* **Data**:
○ ○ ○ ○
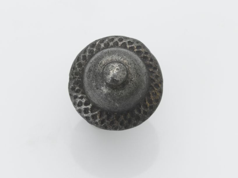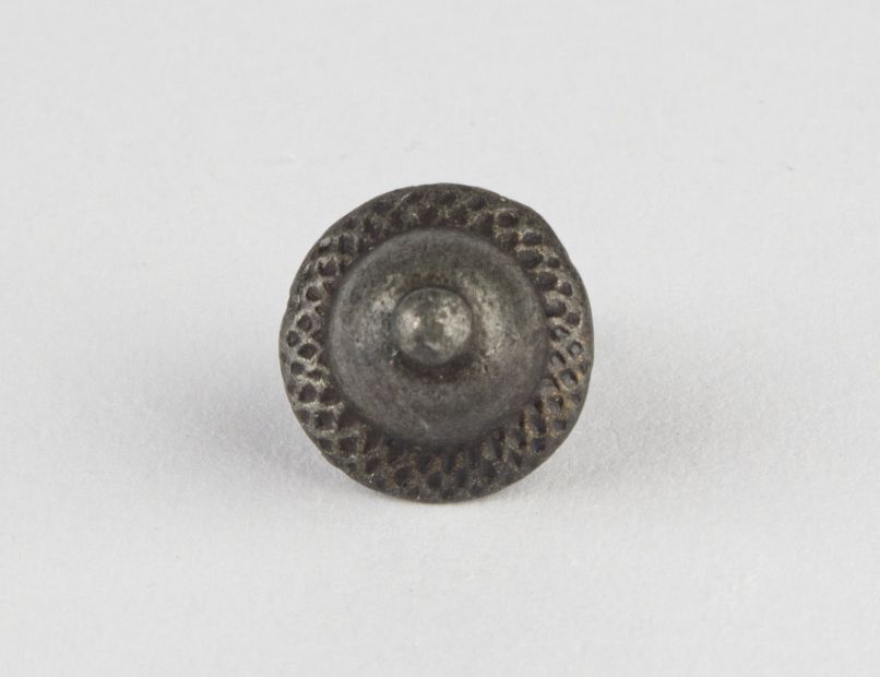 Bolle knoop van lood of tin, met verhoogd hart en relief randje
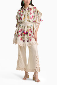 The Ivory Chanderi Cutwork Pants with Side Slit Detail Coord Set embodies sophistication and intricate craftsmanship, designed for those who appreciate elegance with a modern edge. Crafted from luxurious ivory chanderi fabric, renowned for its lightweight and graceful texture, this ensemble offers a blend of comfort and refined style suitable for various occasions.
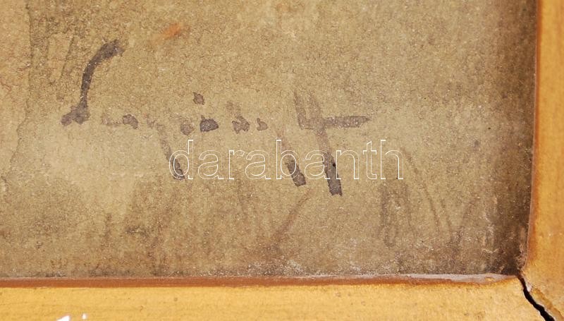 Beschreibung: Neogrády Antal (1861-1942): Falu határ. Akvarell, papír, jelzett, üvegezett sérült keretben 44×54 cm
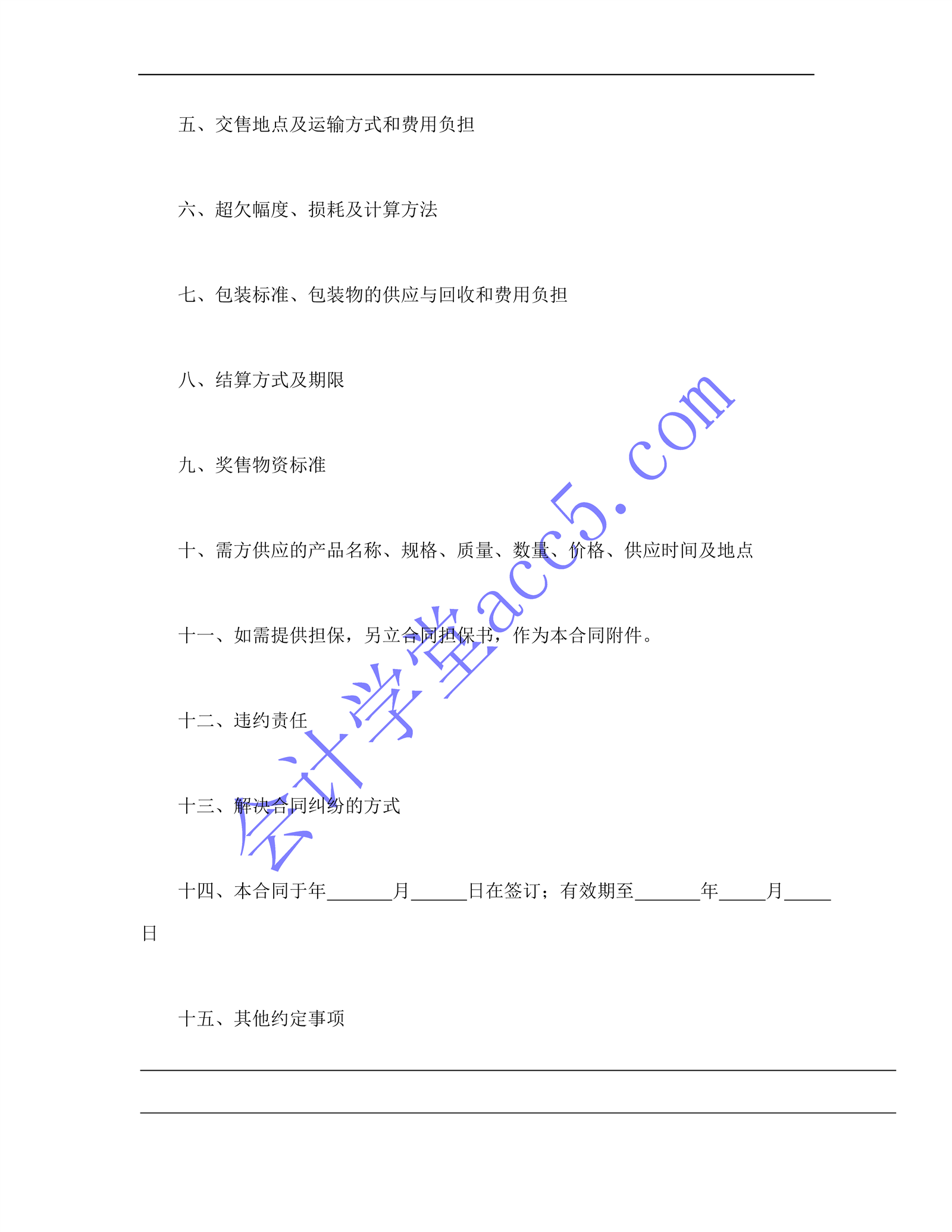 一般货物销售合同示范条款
○ ○ ○ ○
The answer is the whole listing above, written out verbatim, without its pictures.

 Bolle knoop van lood of tin, met verhoogd hart en relief randje
 The Ivory Chanderi Cutwork Pants with Side Slit Detail Coord Set embodies sophistication and intricate craftsmanship, designed for those who appreciate elegance with a modern edge. Crafted from luxurious ivory chanderi fabric, renowned for its lightweight and graceful texture, this ensemble offers a blend of comfort and refined style suitable for various occasions.
 Beschreibung: Neogrády Antal (1861-1942): Falu határ. Akvarell, papír, jelzett, üvegezett sérült keretben 44×54 cm
 一般货物销售合同示范条款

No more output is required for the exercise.